Claudette Colvin, Alice Coachman and Shirley Chisholm

The stories of Claudette Colvin, Alice Coachman, and Shirley Chisholm


Gracie Grabowski, Staff Writer

Photo: Dudley M. Brooks/The The Washington Post via Getty Images

Rosa Parks, a well-known influence, made such a big movement that would change the course of history forever. But what many don’t know, is that Claudette Colvin did the same thing first. When Colvin was 15, she came onto a bus and sat in the “white only” seats of the bus. When asked to move so a white man could sit down, she refused causing her to be arrested and forcefully taken off of the bus. It may be puzzling that her story was ignored while Park’s is such a fundamental part of history, but Colvin chose to not tell people her story, because she believed that people would believe adults more than teenagers and an adult would more likely be a better role model for this type of movement.


Photo: AP Photo

Alice Coachman, another inspirational person, made history in the 1948 Olympic games. Coachman was the first African American woman to win an Olympic Gold Medal in the 1984 games. Coachman participated in the high jump section of the Olympic games and came out first overall. Even though she had a back injury going into the games, she pushed through and made gold. She was able to achieve 5 feet and 6 ⅛ inches in the high jump, thus earning her an Olympic Gold Medal. Coachman went against the odds of her time and showed that an African American women can not only compete against a White person, but they can prevail and win against them.

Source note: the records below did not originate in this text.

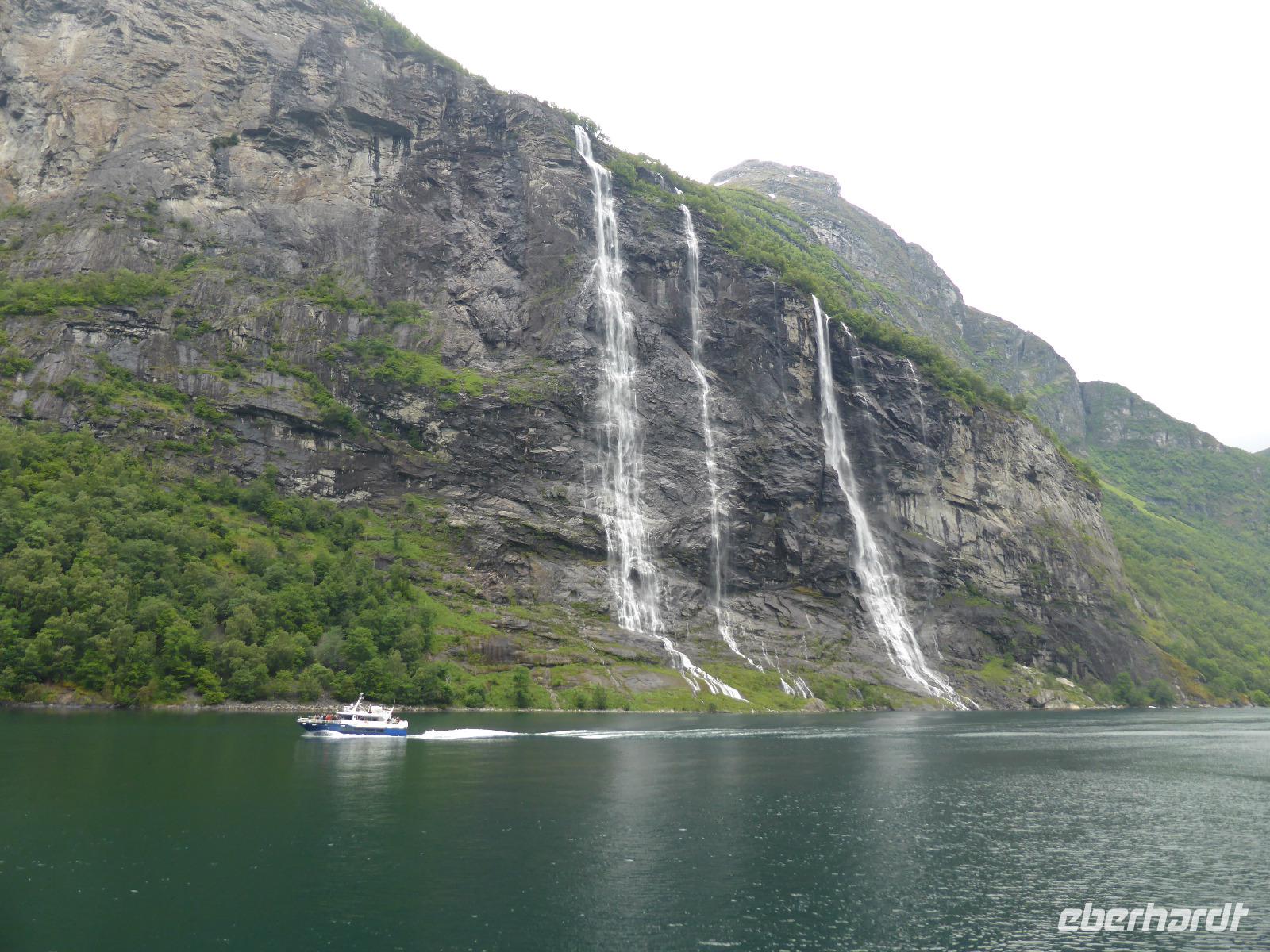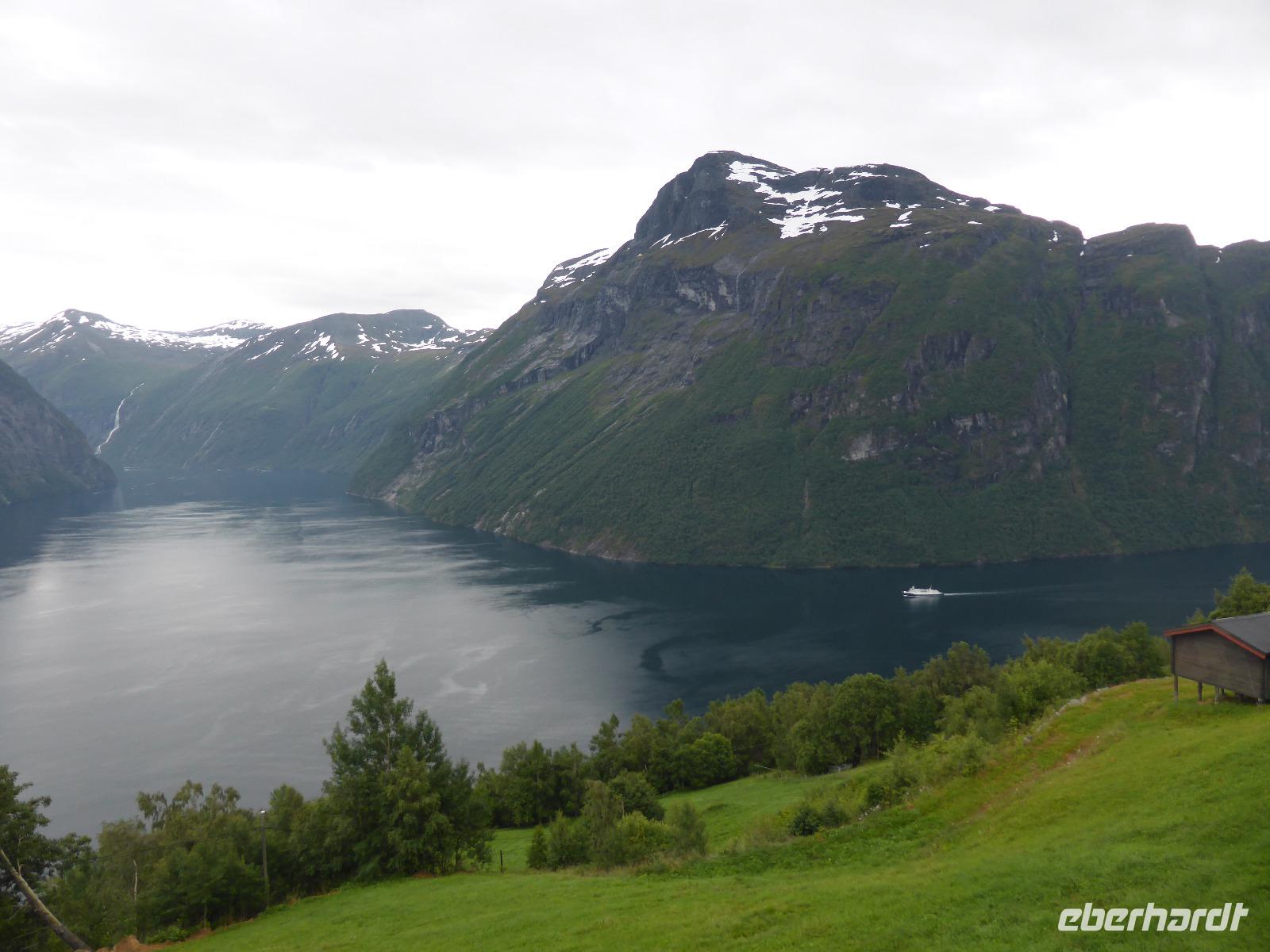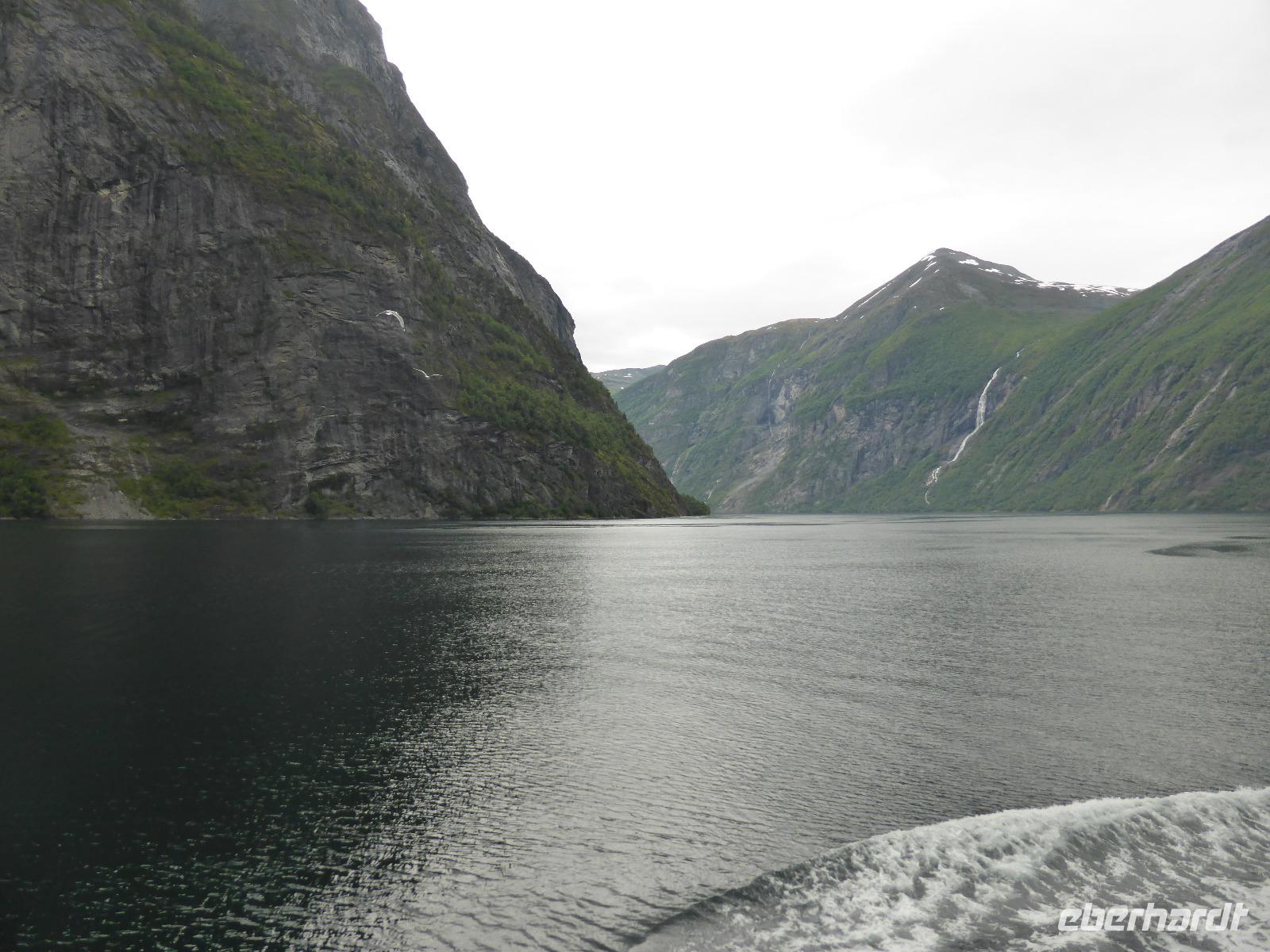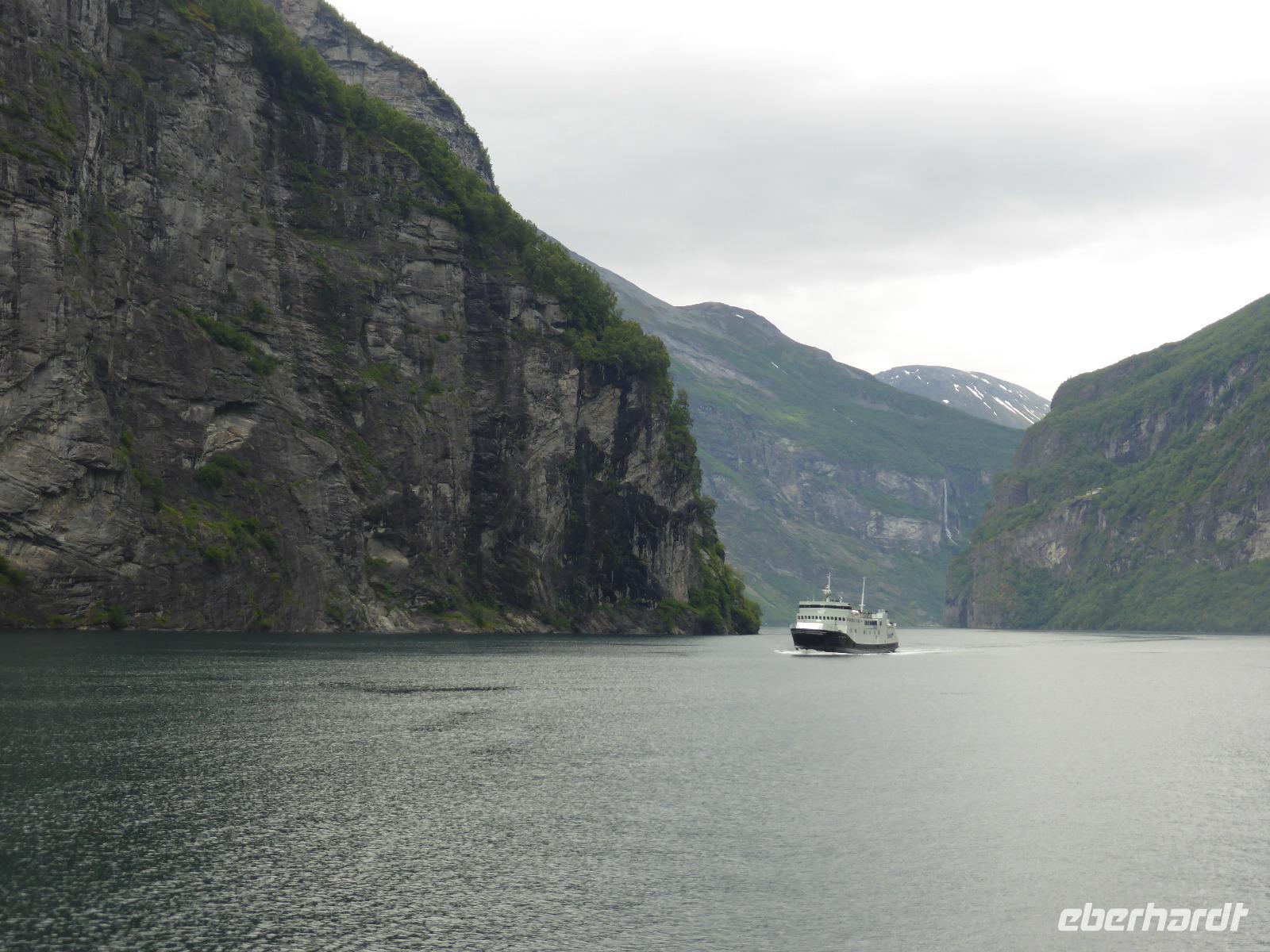 Am Morgen starteten wir zur Fährüberfahrt von Magerholm nach Sykkylven. Auf dem Weg nach Hellesylt konnten wir schon einen schönen Blick in den Geirangerfjord genießen. Pünktlich um 11:00 Uhr legte unsere Fähre für die einstündige Fahrt durch den berühmten Geirangerfjord ab. Diese Fjordfahrt gehört zu den schönsten Naturerlebnissen Norwegens. Während der Fahrt durch den 20 km langen, S-förmigen Geirangerfjord erblickten wir die Wasserfälle „Brautschleier", „Sieben Schwestern" und der „Freier" sowie die verlassenen Fjordhöfe. Früher ließen sich die Menschen an diesen Fjordhöfen wegen des fruchtbaren Bodens nieder.
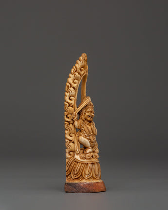 Mahakala Bone Carving Sculpture | Tibetan Wooden Base Ritual Figurine
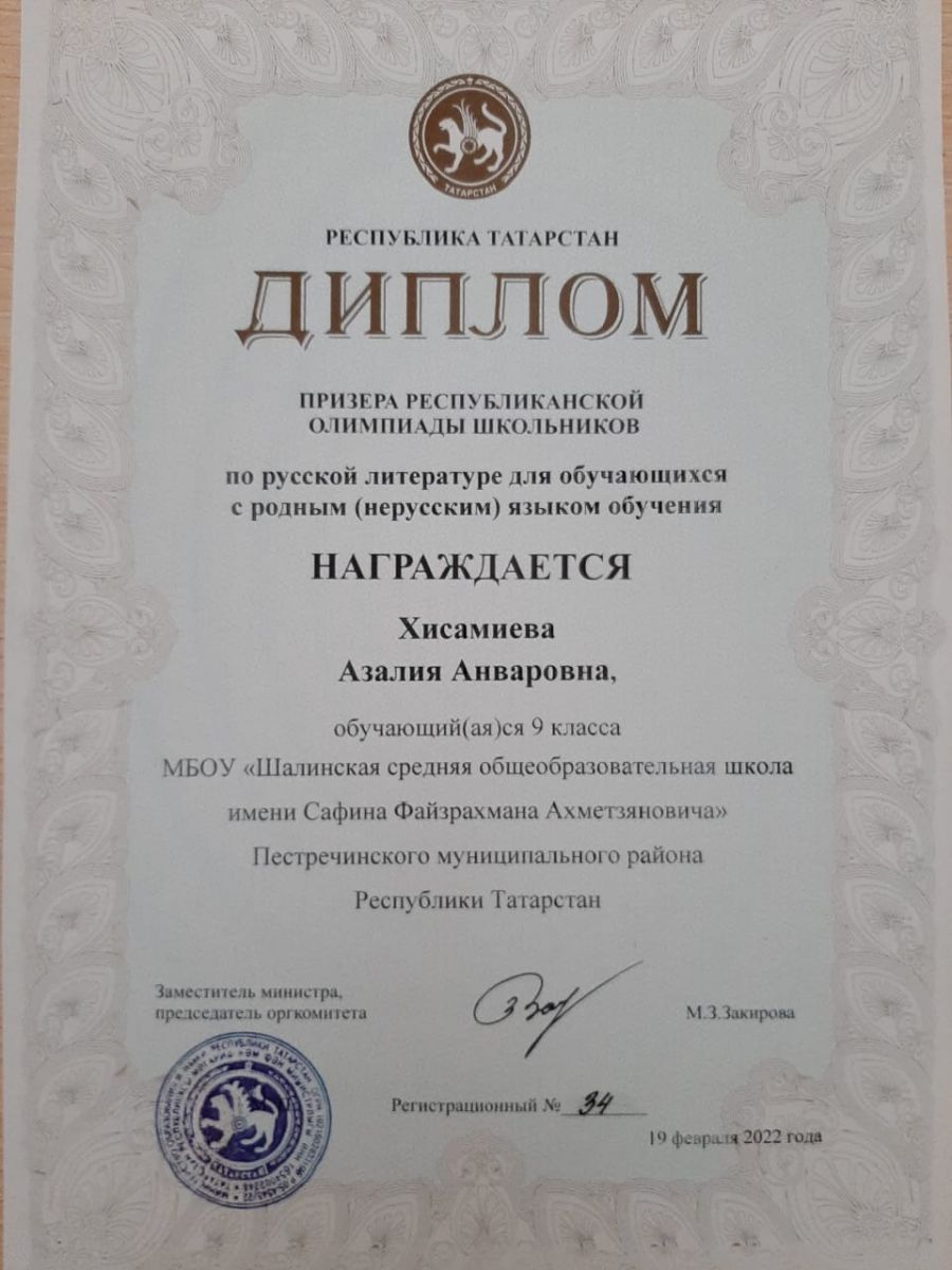 Хисамиева Азалия , призер республиканской олимпиады школьников по русской литературе для учащихся школ с родным (нерусским) языком обучения
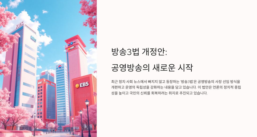 최근 정치·사회 뉴스에서 빠지지 않고 등장하는 단어 중 하나가 바로 ‘방송3법’이에요. 특히 KBS, MBC, EBS 같은 공영방송의 사장 선임 방식을 개편하고, 운영의 독립성을 강화하자는 내용이 핵심인데요.
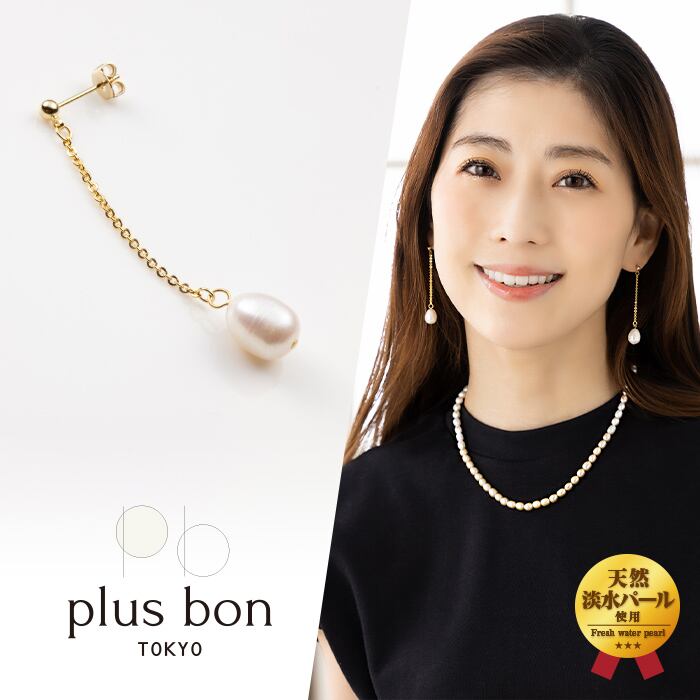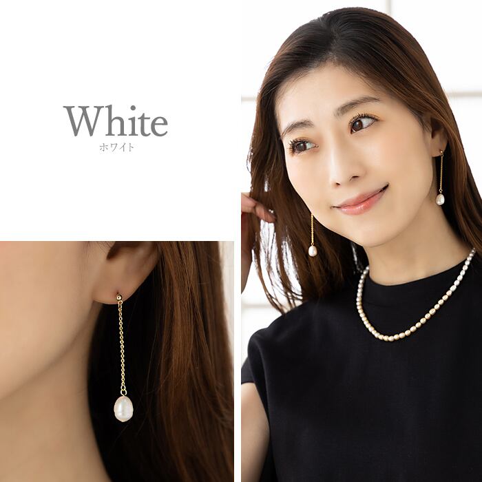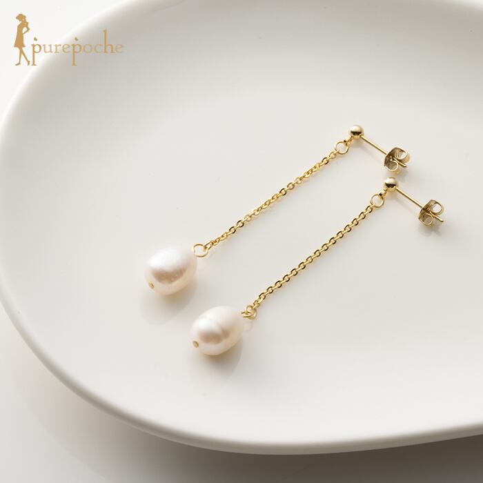 オーバルの淡水パールひと粒がぶら下がるピアス。
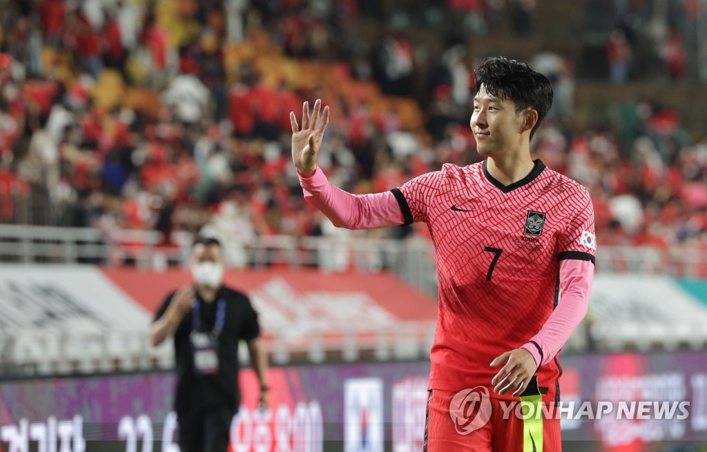| ▲  Son Heung-min of South Korea salutes the crowd at Suwon World Cup Stadium in Suwon, 35 kilometers south of Seoul, after a 2-2 draw against Paraguay in the countries' friendly football match on June 10, 2022. (Yonhap) |
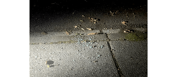 The perpetrators were gone, and the car was gone, but the glass remained behind. Unfortunately, the glass claimed it saw nothing. It was clearly lying, in both senses of the word.
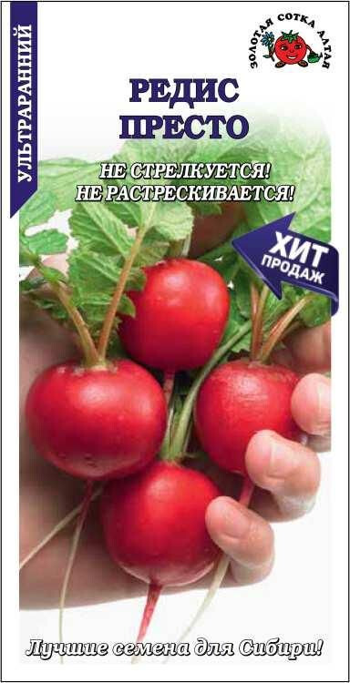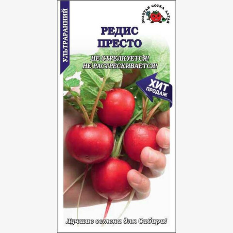 Ультраранний высокопродуктивный сорт. От массовых всходов до начала сбора урожая 16-18 дней! Корнеплоды ярко-красные, округлой формы, с тонкой нежной кожицей. Мякоть белая, очень сочная, хрустящая, деликатесного вкуса. Сорт идеален для раннего потребления. Не стрелкуется! Не растрескивается!
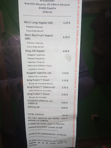 Read moreLamentablemente, la experiencia ha sido muy desagradable. La peor experiencia de mi vida en un restaurante BK, ya no solo el tiempo de espera, sino también la atención recibida del personal. Me hacen esperar hora y media para un pedido realizado por la APP de tres hamburguesas. Me dicen que no tardará, luego que les enseñe la foto de que había pedido porque no les aparecía en el ordenador. Se lo enseño y me dice que ya se encarga alguien de hacerlo. Sigo esperando y no me dan el pedido con lo que pregunto qué cuánto más me van a hacer esperar y me dicen que les vuelva a enseñar la aplicación. Me tenían esperando haciéndome creer que me lo estaban solucionando y nada. Me dicen que les muestre la APP y me vuelven a decir que no les ha llegado nada, que no estaría cobrado o que habría llegado a otro local. Les digo que no puede ser que me digan esto después de esperar tanto tiempo y más que les había enseñado una foto de que mi número de pedido estaba en su pantalla donde indica que mi pedido estaba en preparación. Al ver la foto se ponen a moverse y me dicen ahí si lo había preparado hace mucho tiempo. Si no les enseño la foto de que estaba mi pedido en preparación de su local ni me lo dan, ni me devuelven el dinero y me siguen haciendo esperar. Ni una DISCULPA. No puedo entender que encima ni un lo siento. Al final el pedido me lo he comido super frío y con mucho disgusto. En resumen, hora y media esperando para tres hamburguesas, atención pésima y la primera hoja de reclamación que pongo en mi vida, ya que ha sido indignate la situación vivida. No puede ser verdad que el trato haya sido...
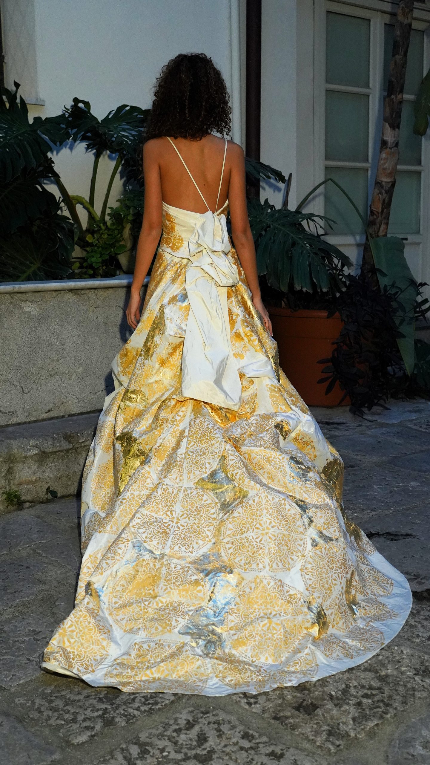 abito taffetà con bretelline e profonda scollatura e con dettaglio ricamato decorato da Domenico Pellegrino

Photo by Don Hogan Charles/New York Times Co./Getty Images

Shirley Chisholm was able to achieve many things that were seen as impossible in her times. She was the first African American woman to have a seat in Congress in 1968. She also served a total of 7 terms in the House of Representatives. If that wasn’t impressive enough, she was the first African American woman to seek nomination for president from one of the two major political parties, the Democrats, in 1972. She was a political inspiration for all people of color., and even wrote an autobiography called, “Unbought and Unbossed” explaining her hardships and accomplishments, along with how she became such a representative in the political scene.